A man in Balaroa neighbourhood, which was flattened by Friday’s earthquake
A man in Balaroa neighbourhood, which was flattened by Friday’s earthquake (Dita Alangkara/AP)

“Why did the search and rescue agency and others prioritise the search for victims in hotels?” he said, holding back tears as he spoke.

“Neighbourhoods like this should take precedence because the bodies of residents are buried, but there are no rescuers who have searched for them.”

Near the coast, the tsunami shattered buildings, uprooted concrete and thrust boats inland.

A ship rests on land after it was swept ashore during Friday’s tsunami  in Donggala
A ship rests on land after it was swept ashore during Friday’s tsunami in Donggala (Tatan Syuflana/AP)

In Palu’s Petobo neighbourhood, the quake caused loose, wet soil to liquefy, creating a thick, heavy quicksand-type material that resulted in massive damage.

Hundreds of victims are still believed to be buried in the mud there.

Liquefaction of soil can be compared to walking on a sandy beach.

“If you walk across some wet sand a little back from the water’s edge, it is usually firm walking, even though you might leave footprints,” said Adam Switzer, an expert at the Earth Observatory of Singapore.

“However, if you stand still and wiggle your toes and feet, you will probably sink a little as the sand around your feet becomes soft and unstable.
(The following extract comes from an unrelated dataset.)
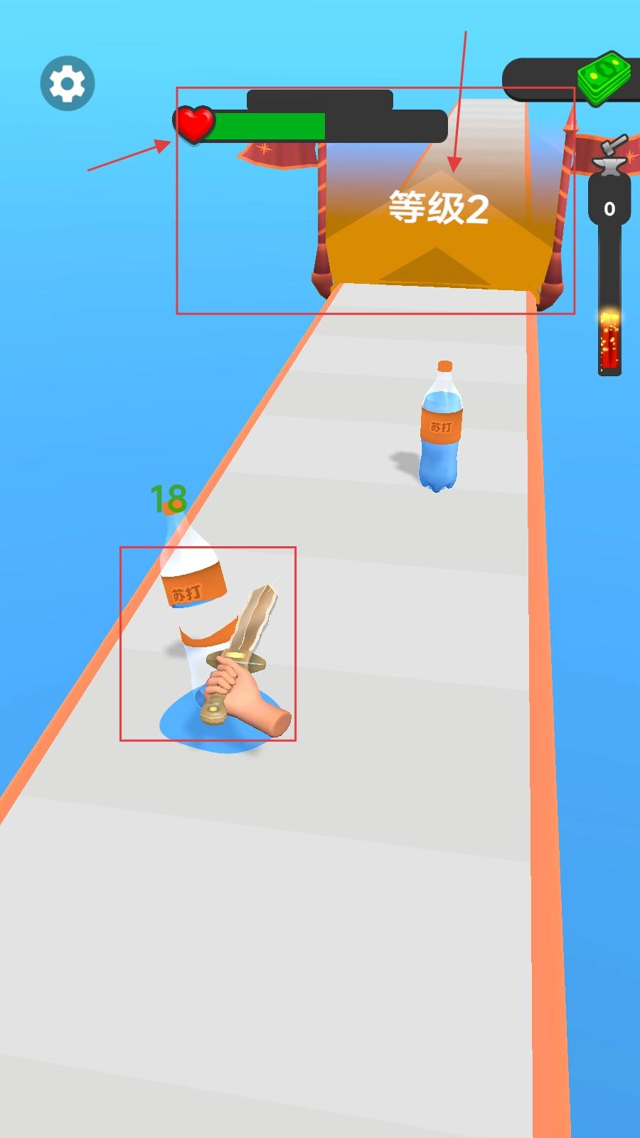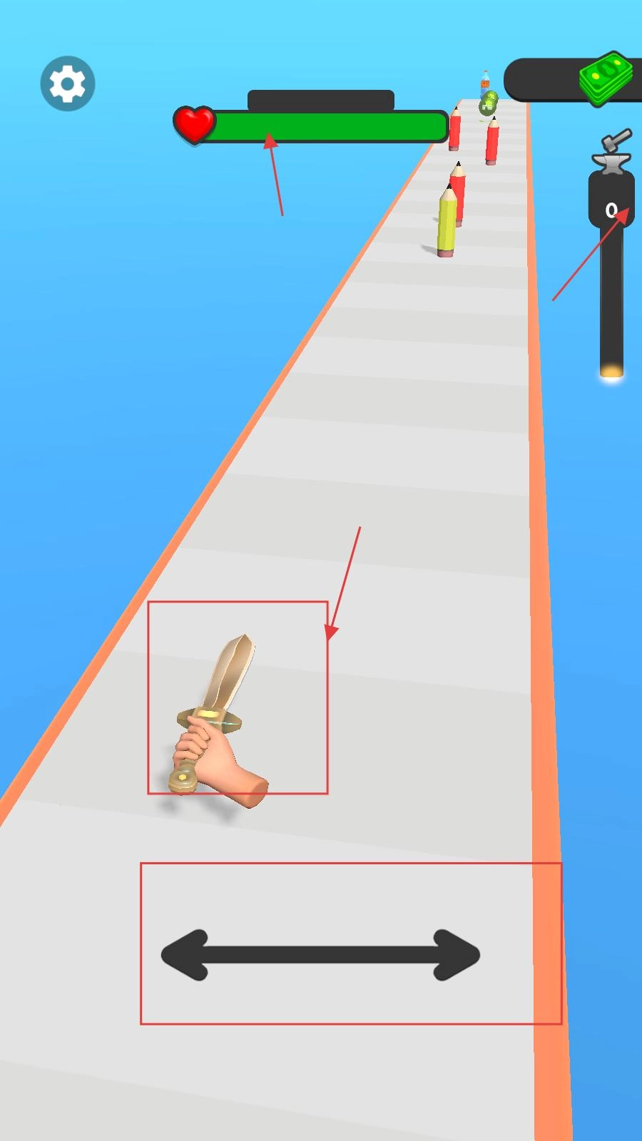 玩家进入关卡后,需通过点击屏幕上的左右箭头来操控宝剑移动,以此切割赛道上的物品,同时要避开障碍物,确保自身的生命值不受损。
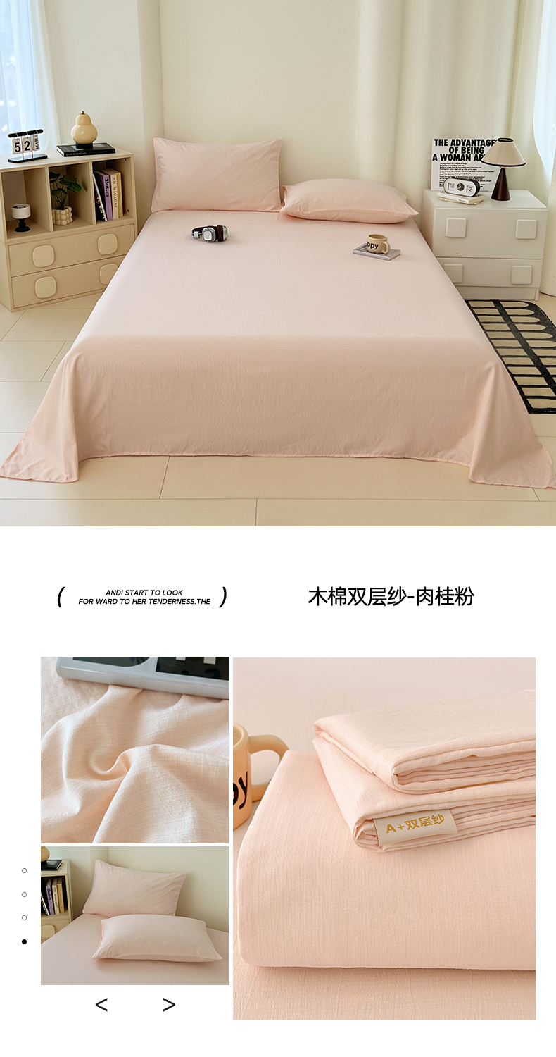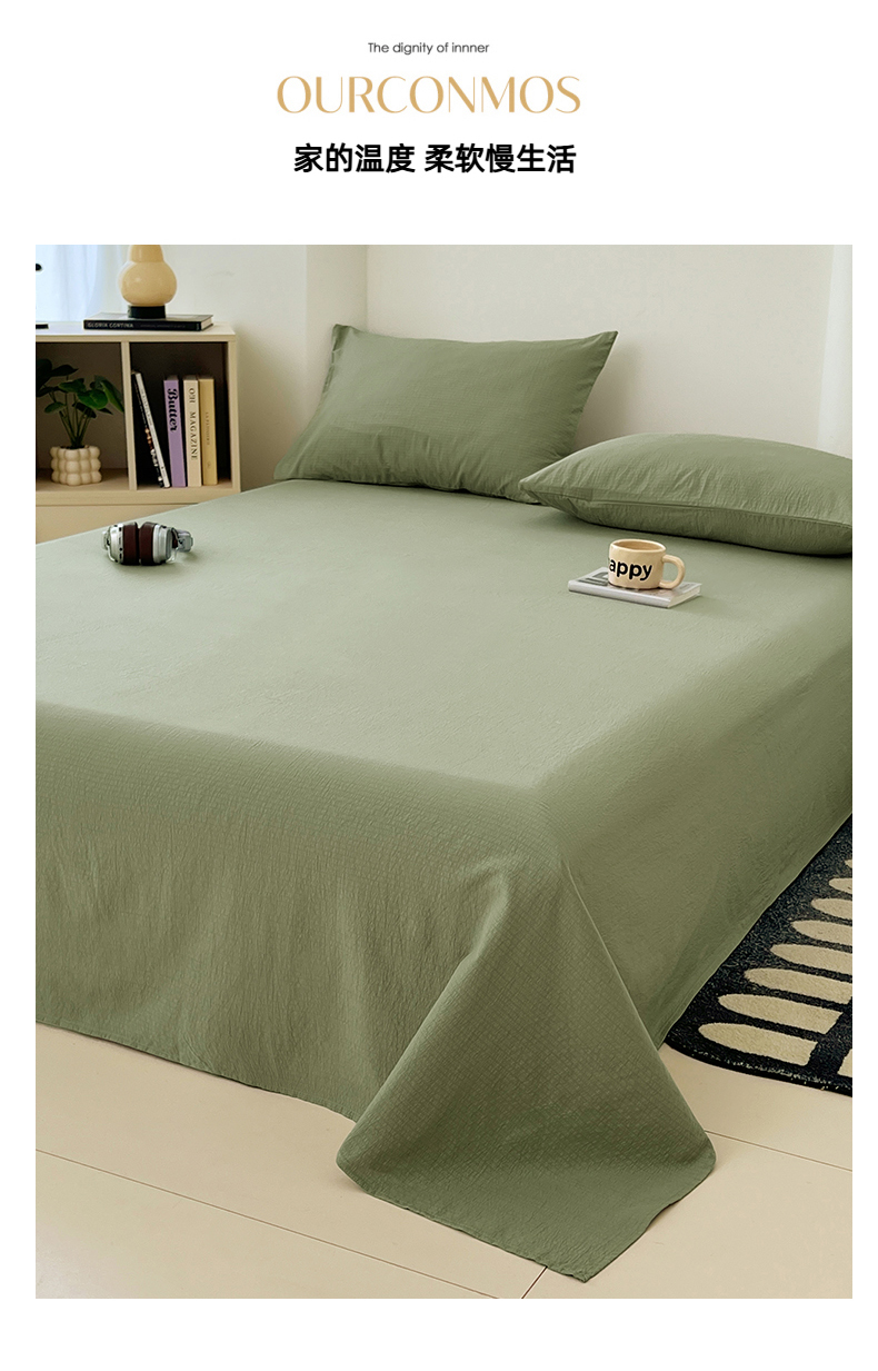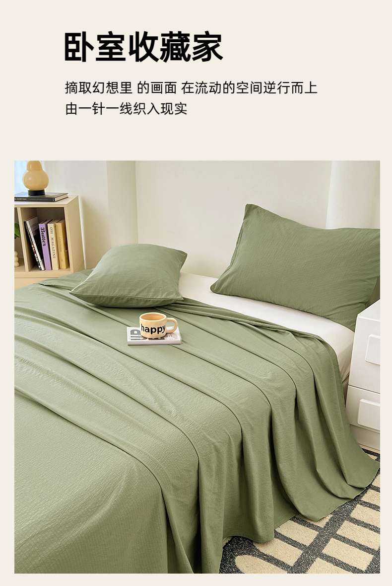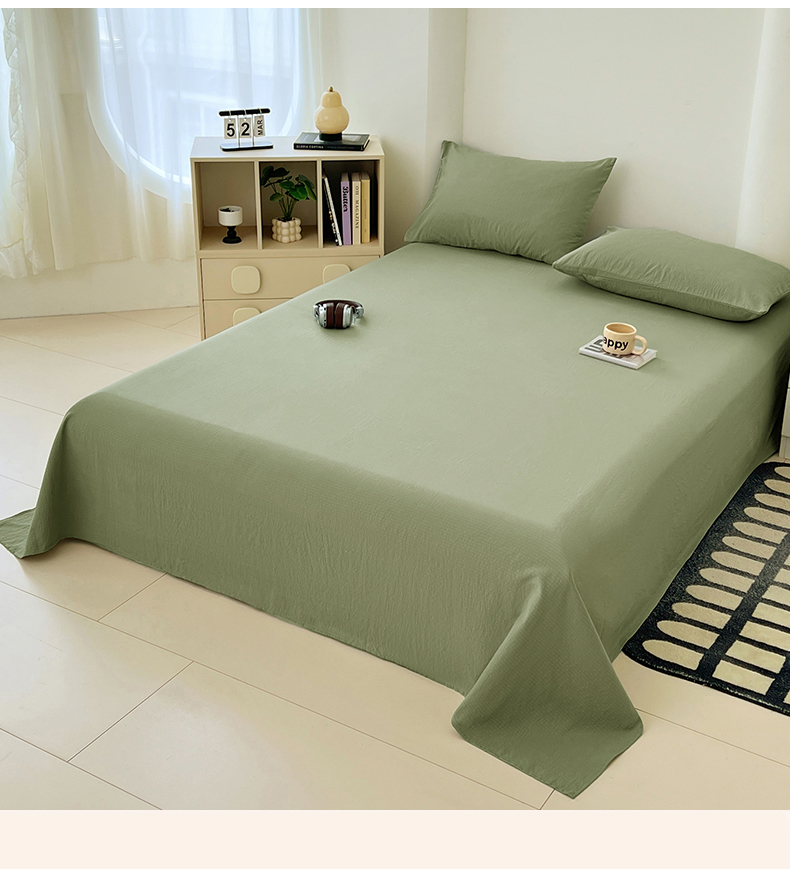 彩韵家纺 2025新款木m双层纱床单 抹茶绿

This is similar to what happens during liquefaction.”

Mr Nugroho said 153 bodies were buried on Monday in a mass grave in Palu and that the operation continued on Tuesday.
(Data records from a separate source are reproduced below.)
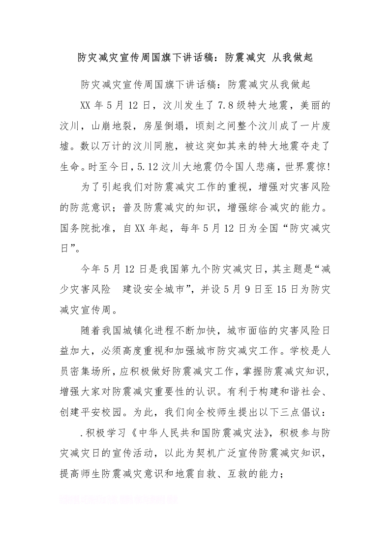 防灾减灾宣传周国旗下讲话稿:防震减灾 从我做起[推荐]
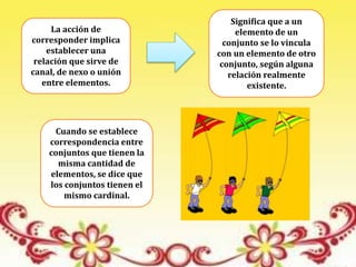 La correspondencia implica establecer una relación entre elementos de conjuntos. Existen diferentes tipos de correspondencia como la unívoca que vincula un elemento de un conjunto con uno del otro, la biunívoca que permite relacionar elementos de forma reversible entre dos conjuntos, y la múltiple que establece equivalencias entre tres o más conjuntos.
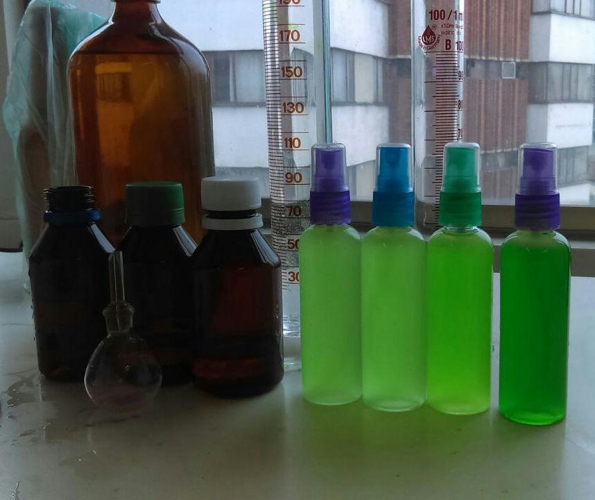 Al final para darle utilidad al aceite extraído hicimos ambientadores, agregando etanol, colorante artificial verde y un poco del aceite esencial.
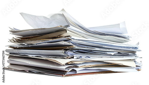 Piled stack of scattered, crumpled, white paper documents

He said generators, heavy equipment and tents are among the most-needed aid items.

A boy sits with items salvaged from the ruins of a family member's house in the Balaroa neighbourhood in Palu
A boy sits with items salvaged from the ruins of a family member’s house in the Balaroa neighbourhood in Palu (Dita Alangkara/AP)
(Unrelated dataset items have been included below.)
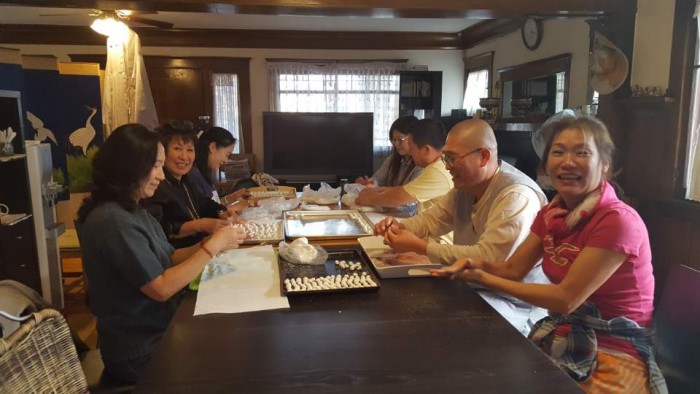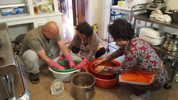 찹쌀을 익반죽하여 새알심을 만드느라 달마사 후원에
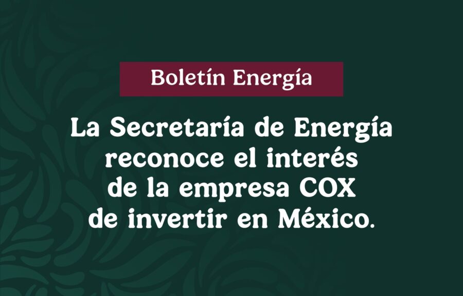 La Secretaría de Energía reconoce y se congratula por el interés de la española COX de participar en el sector energético mexicano, y el anuncio de inversiones estratégicas por más de 10,700 millones de dólares en nuestro país para el periodo 2025-2030.
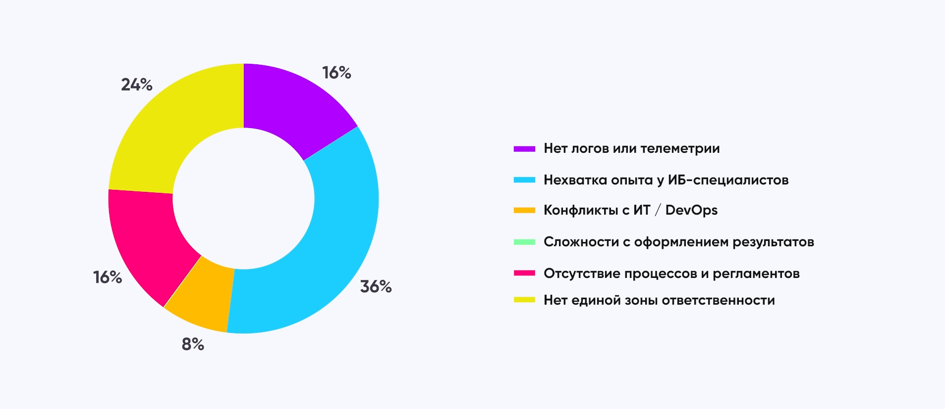 - Нехватка опыта у ИБ-специалистов — 36 %.
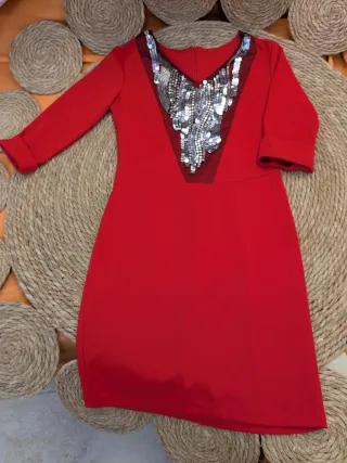 Vestido rojo con detalles de lentejuelas plateadas en el escote. - Diseño con escote en V. - Manga larga o al codo. - Adorno de lentejuelas en forma de V en la parte delantera.
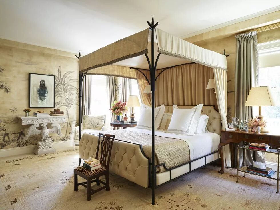 设计师Betsy Shiverick在她的Palm Beach主卧室配有丰富的色彩和优雅俏皮的图案。墙壁被de Gournay包围在墙纸中。漂亮的沙发是复古的,而床是定制的。

Australian Prime Minister Scott Morrison said his government has given 360,000 dollars to help victims and is in talks with Indonesian authorities about a second round of aid.

The initial funds are to go to the Indonesian Red Cross for the most obvious emergency aid needs, such as tarpaulins.

Mr Nugroho said only two of the 122 foreigners in the area remained unaccounted for – one from South Korea and the other from Belgium.

Indonesia is frequently struck by earthquakes, volcanic eruptions and tsunamis because of its location on the Ring of Fire, an arc of volcanoes and fault lines in the Pacific Basin.

A powerful quake on the island of Lombok killed 505 people in August, and two moderate quakes near an eastern island on Tuesday reportedly damaged a bridge.

The vast archipelago is home to 260 million people on more than 17,000 islands that stretch a distance similar to that between New York and London.

Roads and infrastructure are poor in many areas, making access difficult in the best of conditions.